* **What to do**: For the entries below, return every line from the top through the line with "Oakland Acura is" exactly as it stands, omitting pictures.

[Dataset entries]
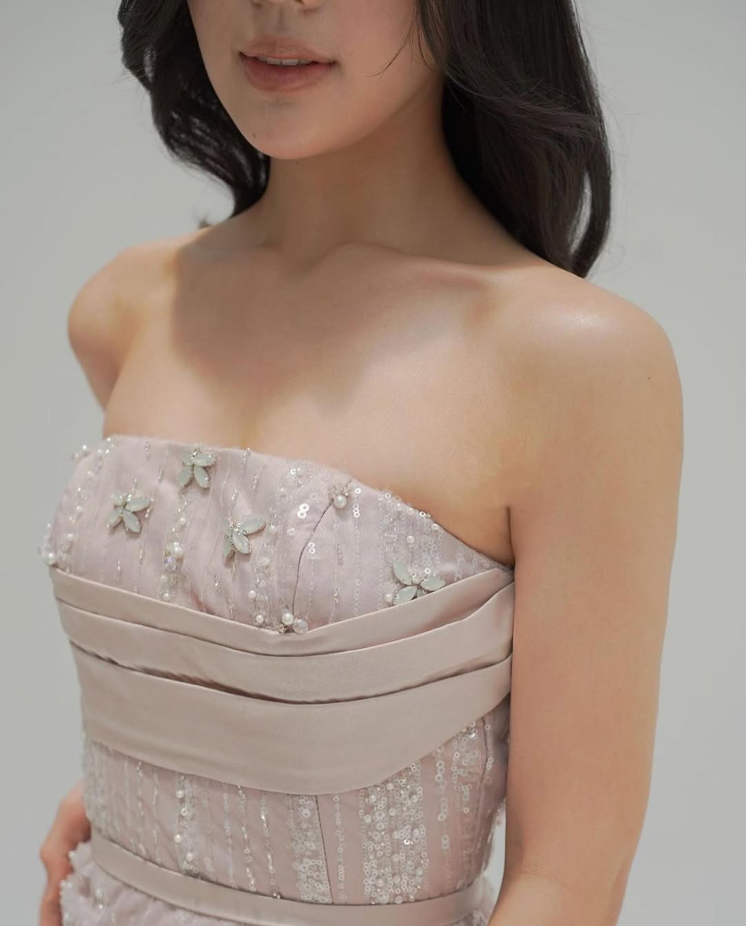 & Free ShippingLedusha • Nude • Size: M • Dress • Long Dress • 130 • Party Guest • Glam • B 84-86 / W 72 / H 94-95 • Original Price: Rp2,690,000 • Deposit Rp300,000
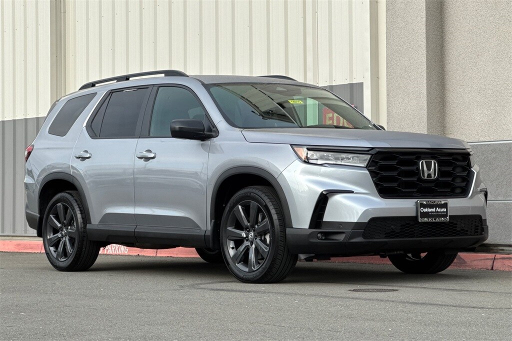 Oakland Acura is pleased to present for sale this stunning 2025 Honda Pilot Sport as part of our hand-selected pre-owned lineup. This gorgeous vehicle is finished in the Lunar Silver Metallic exterior paint and Black interior. CARFAX One-Owner. Odometer is 13605 miles below market average!
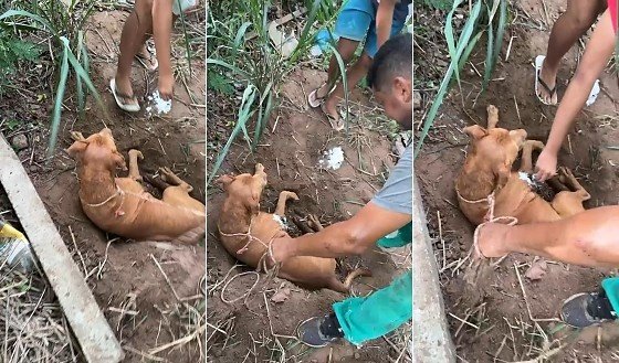 Um cachorro da raça pitbull foi resgatado em estado crítico após ter sido enterrado ainda com vida em um terreno baldio, na tarde do último sábado (3), em Cuiabá. A dona do animal, uma jovem de 25 anos, foi presa pela Polícia Militar e afirmou que o marido seria o responsável por “dar um fim” ao cão.
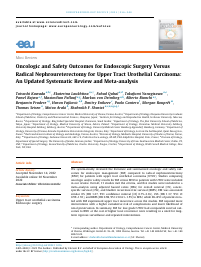 | 抄録 | We systematically reviewed the literature and summarized oncologic and safety outcomes for endoscopic management (EM) compared to radical nephroureterectomy (RNU) for patients with upper tract urothelial carcinoma (UTUC). Studies comparing oncologic and/or safety results for EM versus RNU in patients with UTUC were included in our review. Overall, 13 studies met the criteria, and five studies were included in a meta-analysis using adjusted hazard ratios (HRs) for overall survival (OS), cancer-specific survival (CSS), and bladder recurrence-free survival (BRFS). EM was associated similar OS (HR 1.27, 95% confidence interval [CI] 0.75–2.16), CSS (HR 1.37, 95% CI 0.99–1.91), and BRFS (HR 0.98, 95% CI 0.61–1.55) to RNU, while 28–85% of patients treated with EM experienced upper tract recurrence across the studies. EM required more interventions with a higher cumulative risk of complications and lower likelihood of renal preservation. In summary, EM for low-grade UTUC had comparable survival outcomes to RNU at the cost of higher local recurrence rates resulting in a need for long-term rigorous surveillance and repeated interventions.
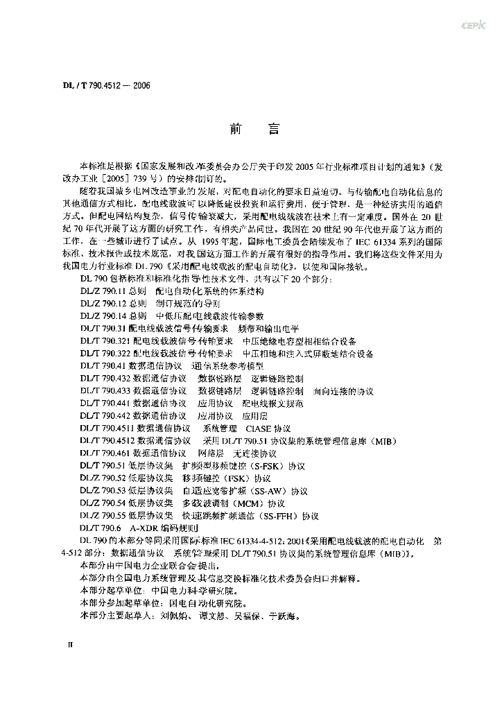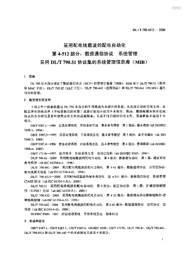 DL/T 790.4512-2006 采用配电线载波的配电自动化 第4-512部分:数据通信协议 系统管理 采用DL/T 790.51协议集的系统管理信息库(MIB)

* **Exercise result**:
 & Free ShippingLedusha • Nude • Size: M • Dress • Long Dress • 130 • Party Guest • Glam • B 84-86 / W 72 / H 94-95 • Original Price: Rp2,690,000 • Deposit Rp300,000
 Oakland Acura is pleased to present for sale this stunning 2025 Honda Pilot Sport as part of our hand-selected pre-owned lineup. This gorgeous vehicle is finished in the Lunar Silver Metallic exterior paint and Black interior. CARFAX One-Owner. Odometer is 13605 miles below market average!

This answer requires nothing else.